Chain is a powerful feature which allows you to connect two objects together in motion. Like a tether between the two, you can connect an object’s position to the position of another object bit even more powerful is you can change the range of motion for each of those. For example when I scroll a list for 200px I can have a header move only 30px and for both of them to be in synchronicity.

Range

imagine that in a certain area of the screen you want something specific to happen but elsewhere you something completely different to happen. Range is the feature that enables you to do such things.

5. Formulas

So taking the above feature into account to the next level you need to use formulas. Formulas in ProtoPie are a subset of code functionality which is truly awesome. Properties such as position or opacity suddenly become available together with a whole host of other properties. as an example imagine you want to compare the scroll position of a scroll container with the current scroll position so you can trigger some micro interaction, formulas allow you to do that 🤯.

6. Components

Take all of the above and turn it into a reusable component, think Sketch but with interaction or wrapped up and ready to use. Enter components. Components have the ability to receive information from your main prototype and to send information out.This means that your components can interact with the prototype that are put within.
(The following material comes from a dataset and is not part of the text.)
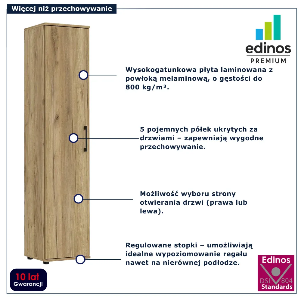 • Produkt posiada certyfikat jakości "Edinos Standards DSI 804", który potwierdza najwyższą jakość wykonania mebla oraz pełny stopień zgodności poszczególnych jednostek wytworzonego wyrobu z przyjętym wzorcem.

You can now think about sharing functional pieces of UI and having the ability of taking a design system approach to your interaction design, no longer are you rptototype throw away pieces of design they are now reusable and can be integrated.

7. Overrides

Once you create a component, for it to be reusable you will need to change certain values. You can override certain values of your components such as text value, colur and opacity to name but a few.

8. Constraints

To further make your components even more flexible you can se some basic constraints to make them liquid. Constrain their height and widh or make them stick to the left or right or expand to the width the you make them.

9. Import

ProtoPie supports import from Sketch, Figma and AdobeXD and within thes tools ther are specific supported features as well such as the ability to re-import without destroying changes to layers and group changes within ProtoPie. This allows you to update designs in your master file and simply update in ProtoPie without compromising your interaction work.

10. Bridge

This could be the killer feature that seals to deal so I thought i’d leave the best to last. Imagine having the ability of building not one, but two prototypes and these prototypes can talk to each other. Enter Bridge the ability to build communicating prototypes. The obvious illustration of this feature is a chat app where two real people can chat in realtime but i’ve found another interesting example. Chatbots — prototyping a chat bot by having a real person on one prototype pretending to be the chatbots with another being the user.

Conclusion

ProtoPie in my view is the most easy to learn and powerful interaction and prototyping tool out there so kick it’s tyres and let me know what you think, it will change how you work and will enable you to traverse an area that until now has been off limits for designers and the express preview of developers.